Thursday, October 6, 2011

Darth Vader is a Backseat Driver

Remember when I had a goblin under my seat in the car? Actually, I think it turned out to be Chucky... Anyway, yesterday I was driving down the street and heard woozsh-vvvwmmm...

For those of you less versed in Star Wars, that is sound of a Lightsaber. So I drove 50 miles (at least) accompanied by woozsh-vvvwmmm, and then the fun really began! Darth Vader started speaking from the back seat of the car!

Luckily, Darth seemed pretty distracted by the saber duel going on behind me. Because if he'd started shouting,

Hey, let's stop at McDonald's so I can get a Star Wars toy in my Happy Meal!
Well, then I'd have had to pull over right there to put an end to things.

Monday, October 3, 2011

Fall Cooking

It must actually be autumn. My drive to work is growing less green by the day, and it is rapidly increasing in orange foliage. I actually pulled off to the side of the road last week to snap a quick picture. I couldn't believe the change from one day to the next!

It's been so mild and nice... I almost forgot that fall was on its way in. But it's sprinkling tonight, and the temperature is supposed to drop. However, the true telltale sign that summer is over is that I've started cooking again.

There is something about the cool weather that brings out the chef and baker in me. I think my family was shocked that we didn't have to order pizza or pick up burgers. I hope it was a pleasant change for them. I know I enjoyed the afternoon at home preparing our dinner!

I only hope I can keep it up!  I'd love to do more baking this year, now that I'm not fighting altitude.  I just found a recipe for pumpkin cinnamon rolls...  I think that's going to be my very next effort!  

Sleep

Sleep is one of those things I usually take for granted.  Jammies, a good book, maybe a little Criminal Minds...  And then it's lights out!  But lately?  Not so much. 

My new schedule is something like this...  Jammies, read a book, flip through a magazine, watch Netflix, Skype with European friends, climb back in bed, stare at the ceiling, realize it's 3am...

Not the best schedule for an alarm clock setting of 7am!  Anyone who knows me knows that

Good Morning 
does not exist in my vocabulary.  So you can understand my new reluctance to crawl out of bed and face the world before the sun is even up!
 

Saturday, October 1, 2011

The Mister's Foibles

For the record: The Mister not only knows about this post, he was pre-warned.

I love The Mister, I really do. But, even those we love can have peculiar or eccentric characteristics. The Mister has one particularly long-documented foible...  I can live with his Paper Man tendencies.  I raise my brows at his embarrassment for other people--even when they aren't embarrassed for themselves.  I smirk at his signature snack--melted cheese and milk toast (seems a little geriatric, doesn't it?).   But there is one idiosyncrasy which truly drives me up the wall.  The Mister loses things.

I know we all misplace things occasionally.
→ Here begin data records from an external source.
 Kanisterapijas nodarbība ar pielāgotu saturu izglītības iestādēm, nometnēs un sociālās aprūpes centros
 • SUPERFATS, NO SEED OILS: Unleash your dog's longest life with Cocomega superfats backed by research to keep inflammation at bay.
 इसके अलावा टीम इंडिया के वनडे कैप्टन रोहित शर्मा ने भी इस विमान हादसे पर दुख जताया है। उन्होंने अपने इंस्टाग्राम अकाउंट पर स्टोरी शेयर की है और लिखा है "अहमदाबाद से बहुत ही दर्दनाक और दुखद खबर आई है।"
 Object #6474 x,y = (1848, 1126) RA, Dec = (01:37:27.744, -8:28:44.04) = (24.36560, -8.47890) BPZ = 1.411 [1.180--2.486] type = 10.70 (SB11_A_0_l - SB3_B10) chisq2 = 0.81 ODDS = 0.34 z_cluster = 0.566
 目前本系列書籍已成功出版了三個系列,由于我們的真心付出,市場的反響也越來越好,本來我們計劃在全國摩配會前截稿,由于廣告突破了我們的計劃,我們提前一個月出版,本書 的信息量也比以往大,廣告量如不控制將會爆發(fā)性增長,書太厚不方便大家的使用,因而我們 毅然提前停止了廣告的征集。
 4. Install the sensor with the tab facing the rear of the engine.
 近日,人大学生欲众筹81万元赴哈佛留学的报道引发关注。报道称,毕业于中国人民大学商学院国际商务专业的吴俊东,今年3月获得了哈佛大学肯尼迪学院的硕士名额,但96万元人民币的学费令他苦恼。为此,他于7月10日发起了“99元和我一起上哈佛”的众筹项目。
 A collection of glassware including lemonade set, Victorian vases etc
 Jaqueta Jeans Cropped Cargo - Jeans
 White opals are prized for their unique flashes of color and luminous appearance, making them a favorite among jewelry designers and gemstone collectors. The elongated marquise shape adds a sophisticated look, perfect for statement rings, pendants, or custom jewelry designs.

The mate to a sock. The car keys. The cordless phone.  I Even understand the temporary loss of a car in a large parking lot, or an investment in a start-up...

But The Mister LOSES things! And it's never the $5 flip-flops or the old sweatshirt. It's not the 7-11 sunglasses. It's not the lid to the toothpaste.

The Mister has a penchant for losing expensive or hard-to-replace items. These losses usually equate to significantly inconvenient situations... Followed by ineffectual searching... Resulting in eventual replacement purchasing...

Let's document. The credit cards (numerous times), actual cost, just the inconvenience.  The mail key (still missing), re-keying cost, $40.  Mickey Mouse sweatshirt, worn once, $50.  The electronic key to his company car (twice), $85.  Maui Jims that he had to have for nostalgic reasons, $150.  His wedding band, worn for approximately 6 months, $200.  His company Blackberry, $400.   President's Club ring, $500.   The company laptop, $2000.  An entire Volvo sedan, $3000.  And his own hearing aids, $5000.

So, what inspired this post?  Well, here's the thing...  The Mister has lost something new.  The Mister has actually lost pants.  We flew to NYC, stayed overnight, went to a show, and The Mister flew home alone.  Unsupervised...  Which is where the trouble started.  When I arrived back home, a few days later, we couldn't find his pants.  His brand new, I-pleaded-with-him-to-buy-them, $160 Big Star jeans.  Now, you might ask, how did he get home with his shoes and his shirt but no pants?  Well, that's the six million dollar question.  You didn't happen to see a bottom-less passenger on a recent flight from JFK to SLC, did you?